En juillet dernier, un mois après les élections européennes, Ursula von der Leyen était reconduite à la tête de l’exécutif européen malgré une avancée historique de l’extrême droite dans les rangs des eurodéputés. Dans son discours programmatique, elle expliquait clairement qu’elle ne toucherait pas au Pacte vert européen et réaffirmait un engagement climatique fort pour les cinq prochaines années. Une réponse cinglante à la droite et à l’extrême droite, dont les campagnes électorales, surfant sur la colère des agriculteurs, avaient fait des réglementations climatiques et environnementales la cause de tous les maux européens. Le Pacte vert était sauvé.
Ouf, on pouvait souffler. L’Europe deviendrait probablement le premier continent doté d’une économie décarbonée en 2050, et aurait déjà en 2030 baissé ses émissions de gaz à effet de serre de 55 % par rapport à 1990 grâce à un “ensemble de lois historiques”, comme le rappelle The Guardian. Elle serait un modèle de croissance verte prouvant qu’il est possible de concilier performances économiques, sociales et environnementales.
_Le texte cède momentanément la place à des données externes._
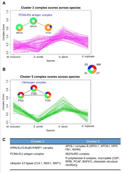 S12 Fig. Individual clusters 3 (A) and 5 (B) from the protein complex clustering in Fig 2 are shown and the top 3 complexes from each cluster are listed (C). See S9 Table for numerical data underlying figure. |
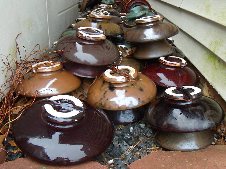 Here is a old picture I found on my computer of the first group of multiparts I found. Got these off craigslist for free back in late 2010. Most of them are Ohio Brass M-2611As from the late teens or early 20s. There are also some 1938 OB M-2613s in there, some of which have the copper radio treatment. This find got me into the bigger power pieces. I had these stacked up at the time because I didn't even have a display yet! |
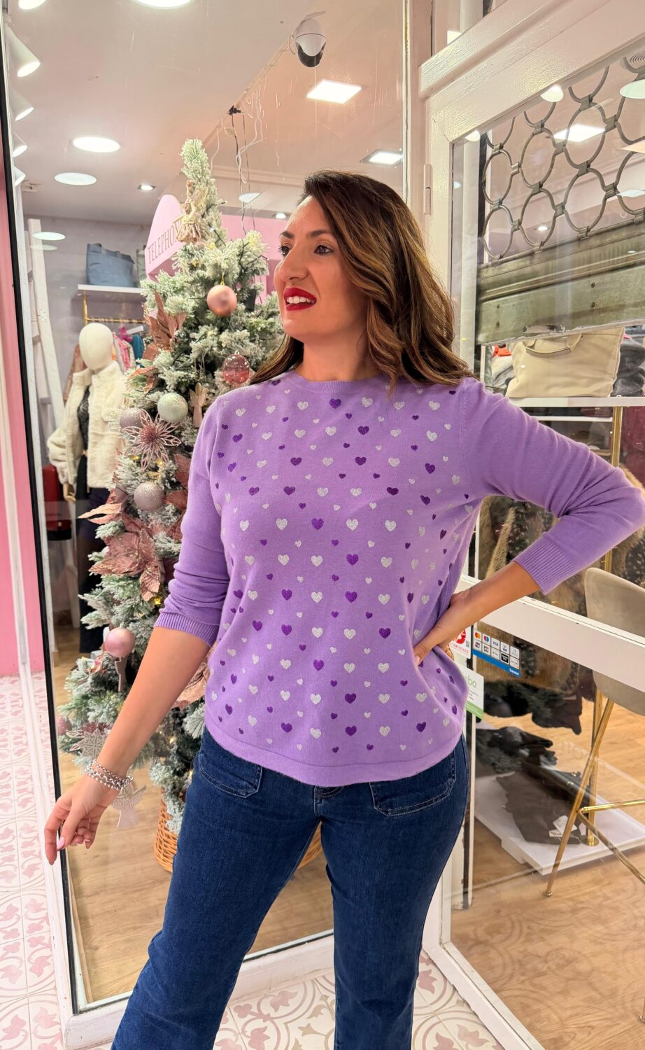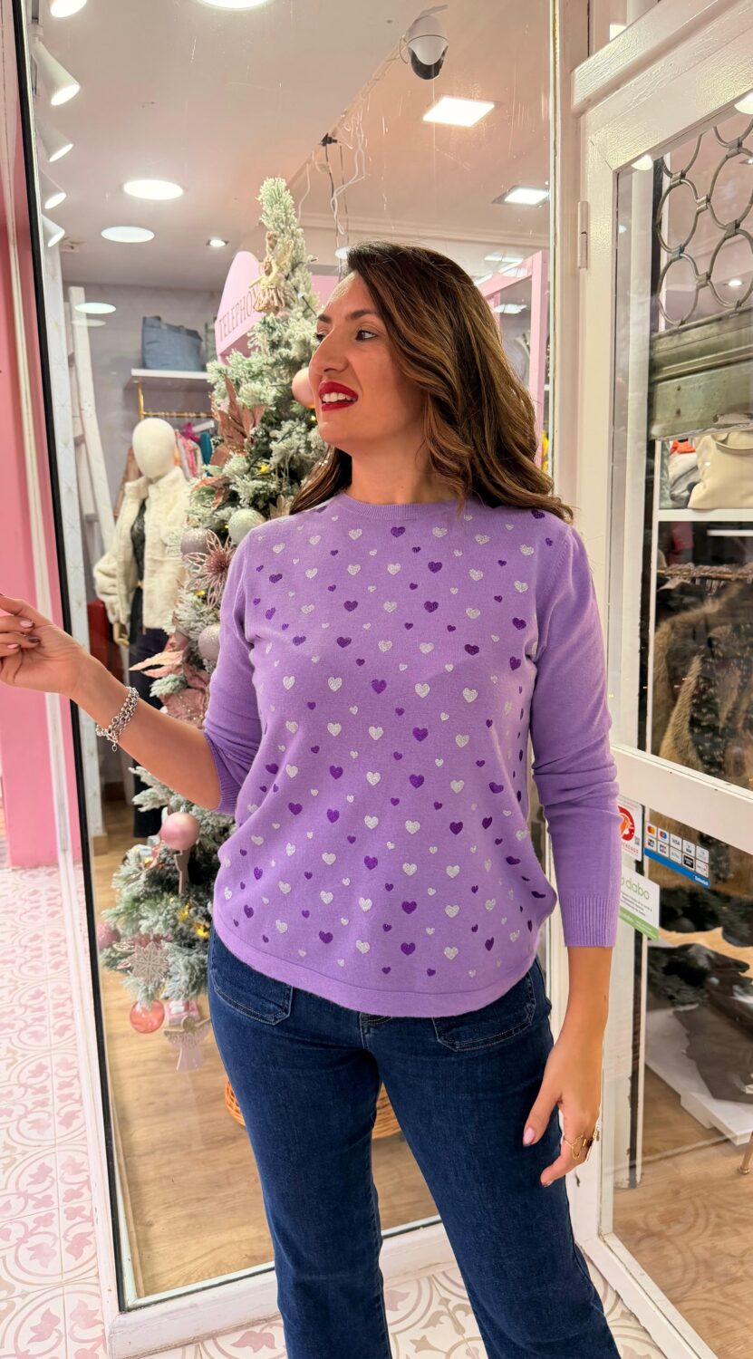 Este jersey destaca por su encantador estampado de corazones pequeños distribuidos por toda la prenda. La magia está en el detalle: una mezcla de corazones en plata y oro metalizado que brillan sutilmente con cada movimiento, añadiendo un aire festivo y muy coqueto.
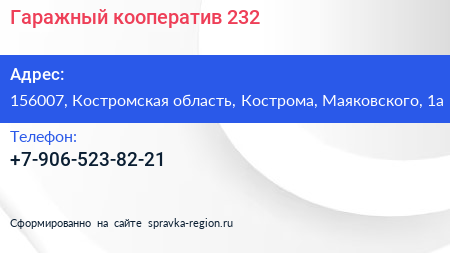 Гаражный кооператив №232 по адресу 156007, Костромская область, Кострома, Маяковского, 1а в дальнейшем Организация, размещена в следующих категориях:
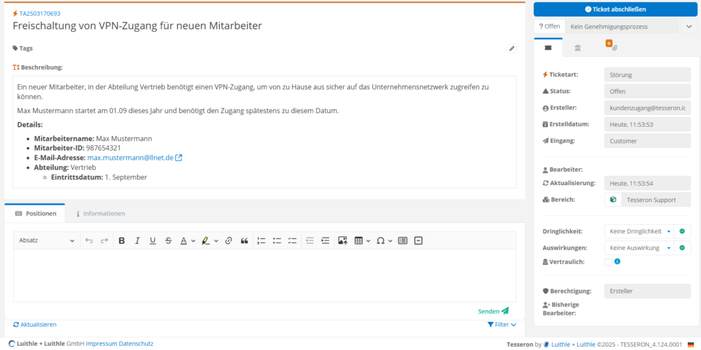 Zusätzlich können Sie die Dringlichkeit und Auswirkungen des Tickets anpassen, um eine Priorisierung für die Bearbeiter zu erleichtern.
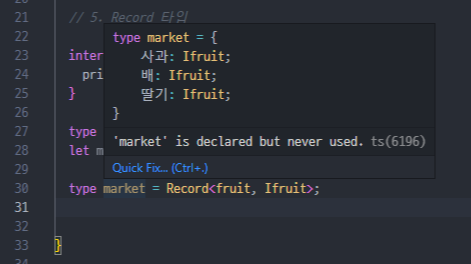 Record타입은 이렇게 union 타입으로 만들어 놓은 것을 키 값과 Value로 사용할 수 있다.
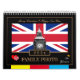 Calendário (modelo): Crie a sua família fabulosa/calendário fotográfico ajustando facilmente o modelo pré-fabricado da frente/traseira e escolhendo as suas próprias fotos para cada mês. Outra personalização com o upload de várias fotos, alteração de cores ou adição de texto pode ser feita em "Editar Design". Frente está apresentando a bandeira britânica - o Jack da União com símbolos de torre de relógio Big Ben do Reino Unido.
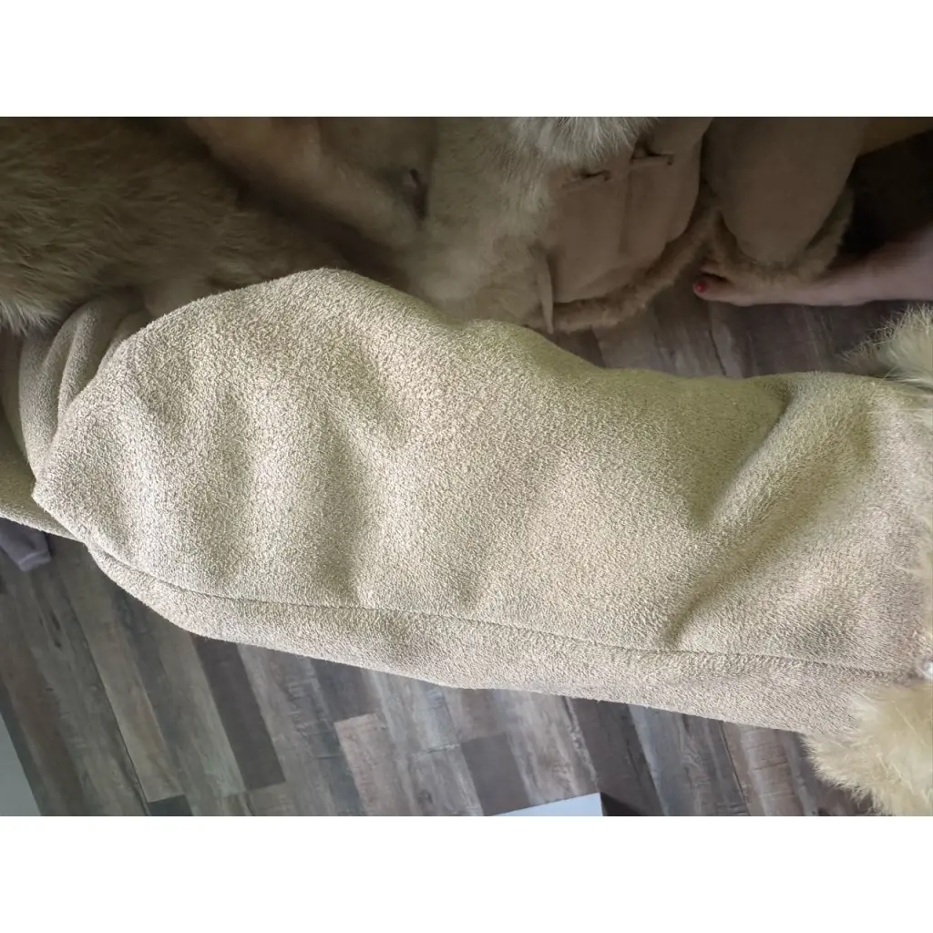 Дубленка из мутона после дорогой химчистки и реставрации меха. Оригинальный мех к сожалению вылез, и заменили его на такой же новый.

Qu’en est-il sept mois plus tard ? Le vent a tourné. Exit la croissance verte, vive le “sursaut compétitif”.
Le 26 février, la Commission européenne a proposé une loi omnibus qui allège les mesures sociales et environnementales du Pacte vert. Deux textes en particulier ont été expurgés. L’un exigeant des entreprises européennes qu’elles garantissent les droits humains et environnementaux tout au long de la chaîne de production, y compris pour les sous-traitants. L’autre obligeant à la rédaction d’un rapport de transparence sur la durabilité. Autrement dit, les entreprises européennes sont largement soulagées de leurs devoirs environnementaux.
Dans un éditorial du journal belge Le Soir, Michel De Muelenaere file la métaphore marine pour se désoler du spectacle : “Pareil à un trois-mâts qui, s’extrayant à peine de tempêtes, voit poindre le prochain typhon, le Green Deal européen fait peine à voir.” Et son “amiral”, Ursula von der Leyen, “qui, en 2019, promettait monts et merveilles lors du baptême de son esquif, est désormais muette”. De quoi a priori satisfaire les conservateurs, à l’instar de l’hebdomadaire polonais Wprost, qui en janvier, qualifiait le Pacte vert d’“extravagance écologique” aux “ambitions excessives de réduction des émissions de certains secteurs clés de l’économie”.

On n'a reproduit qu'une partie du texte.